By Susan Yates - Nub News contributor

21st Oct 2023 | Local History

Remains were found in a vase like this.
Remains were found in a vase like this.

Here's the latest occasional column from Sue Yates, chair of Thurrock Historical Society, who looks back how the Romans may have shaped part of Thurrock's history


BRITAIN enjoyed diplomatic and trading links with the Romans since Julius Caesar's expeditions in 55 and 54 BC, however these had only been to please his adoring public back home in Rome and for political propaganda.

The Roman era began in earnest in 43AD when the then Emperor Claudius sent four legions from his army under the command of Aulus Plautius to invade and conquer Britain. The occupation lasted for four centuries:

  • 43 AD                         Invasion of Claudius
  • 60 AD                        Boudiccan Revolt
  • 78-85 AD                   Agricola governor of Britain
  • 120 AD                      Hadrian's Wall
  • 140 AD                      Severan Wall
  • 3rd and 4th centuries    Large numbers of Roman troops occupying the country
  • 410 AD                       Romans abandon Britain.

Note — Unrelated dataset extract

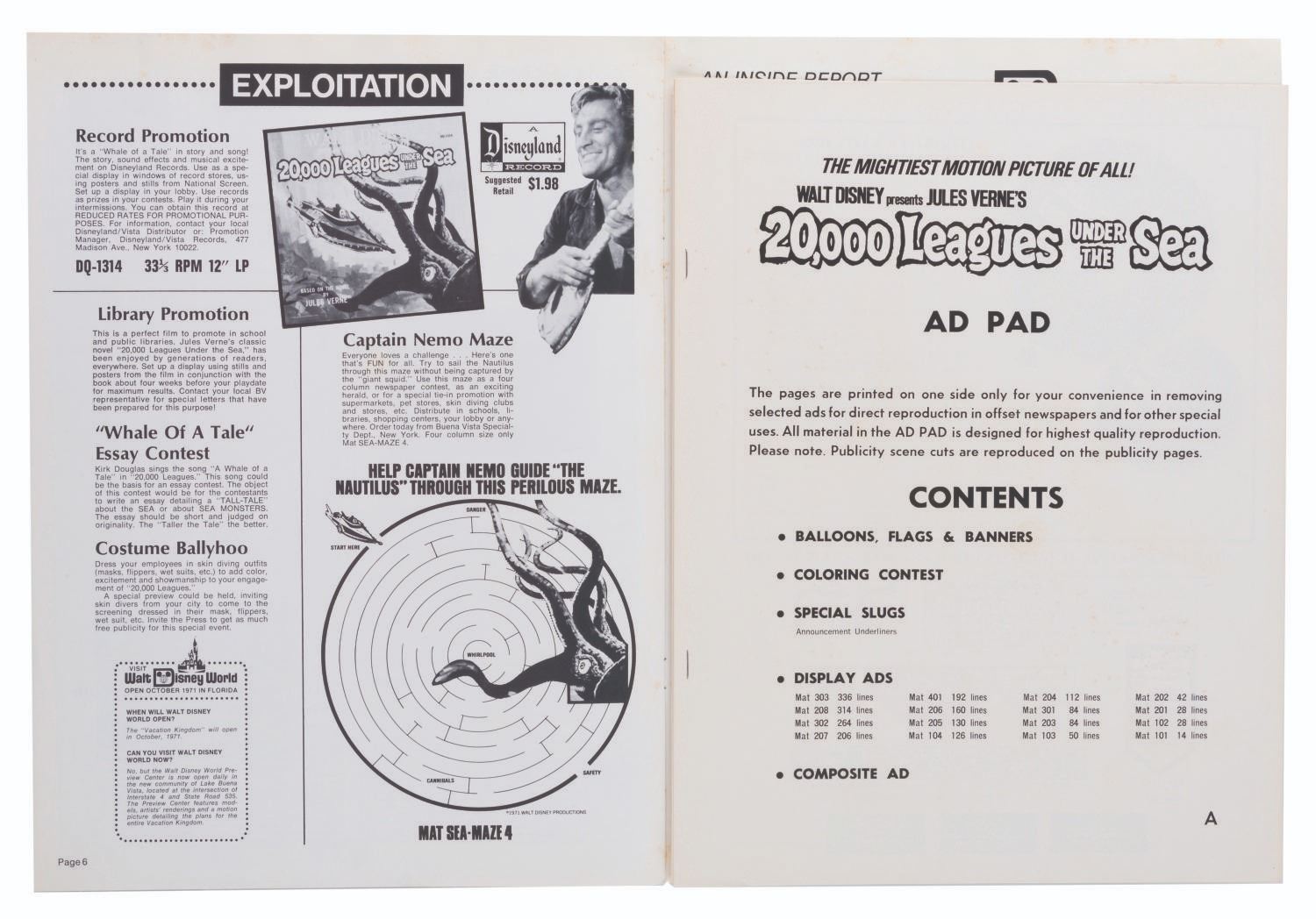 (Disney, 1971) A press book for the 1971 re-release of Walt Disney's "20,000 Leagues Under the Sea. " Included is an ad pad with advertisements, layouts for a balloon order form, and a coloring contest. Measuring 11 " x 14.75 ", the press book displays in good condition with creases, wear, and spotting throughout the interior and back.

The Romans landed on the south coast probably at Richborough and made their way across Kent to the River Thames.

They possibly crossed the Thames somewhere in Thurrock.

We know the Romans were in Thurrock because of Roman tiles in St Michael's Church, Aveley, which also had the Roman road of Bredle Street.

In January 1956 members of Thurrock Local History Society carried out an excavation in the gravel pit adjacent to Moor Hall where two Romano British vessels had been uncovered. They discovered remains of Romano-British ware and one coin (a sestertius).                     

In West Thurrock in July 1930 a Roman amphora burial was revealed

An amphora burial is one where cremated remains are placed in an earthenware vase which usually tapers at the bottom with a narrow neck at the top with two handles one either side. This one was discovered near the Tunnel Cement factory about four feet down. 

The burial is thought to be 2nd or 3rd century AD. The amphora is on display in the museum gallery in the Thameside building at Grays.

There is further evidence of Roman occupation.

An excavation on the hockey pitch at Palmer's girls' school in 1970 by Dr Warwick Rodwell revealed a Roman kiln from the 2nd century AD. It came to light when a sewer trench was being dug. 

The kiln contained broken pots from the failure of its last firing.

The Romans did not import roof tiles and pots but created kilns and manufactured them on site. Excavations at Mucking between 1965 and 1978 showed a kiln there. 

Home Farm on the North Ockendon/Bulphan border was the site of a Roman burial ground. It was discovered in 1858 and was extensive but although they found Samian pottery no metal objects came to light. This area was dug up and ploughed years ago with no further finds made.

Samian ware

Samian Ware, is basically fancy Roman tableware. It is the most common high quality pottery from Roman Britain and was produced in places such as Colchester.  It is red and glazed and the majority found on British sites was produced between the first and second century.

Who knows what there is still to be discovered?